Jaguars are usually associated with rainforests, but there is a population in the mountains and deserts of northern Mexico. Surprising everyone, a 2008 study regularly observed jaguars in southern Arizona as well. The jaguars on the American side (as well as their prey and habitat) are better protected than on the Mexican side, but the Mexican jaguar population is larger. Interaction between the two populations is vital for ensuring genetic diversity, as is the sufficient distance between the territories. A border wall would completely cut off the interchange, and likely lead to the extinction of the small U.S. population.

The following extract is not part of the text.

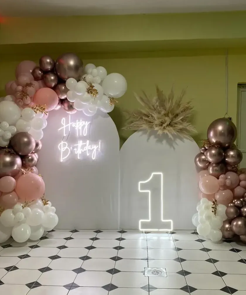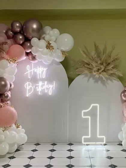 A baby's first birthday is a once-in-a-lifetime event, and we make it unforgettable. We offer a wide variety of themes, from popular cartoons to elegant custom designs, complete with personalized backdrops, balloon arches, and light-up marquee numbers.

On the flip side, illicit movement across the border comes with its own ecological consequences. Foot and especially vehicle traffic damage slow-growing desert plants, and trash and man-made fires pose a problem. Illegal roads change the area’s topography and accelerate the entry of invasive species; existing U.S. law enforcement infrastructure and activities exacerbate the impact. Part of the problem is the existing fragmented barrier—as the border became more difficult to cross in populated areas, the major crossing points exposed more remote and ecologically sensitive areas.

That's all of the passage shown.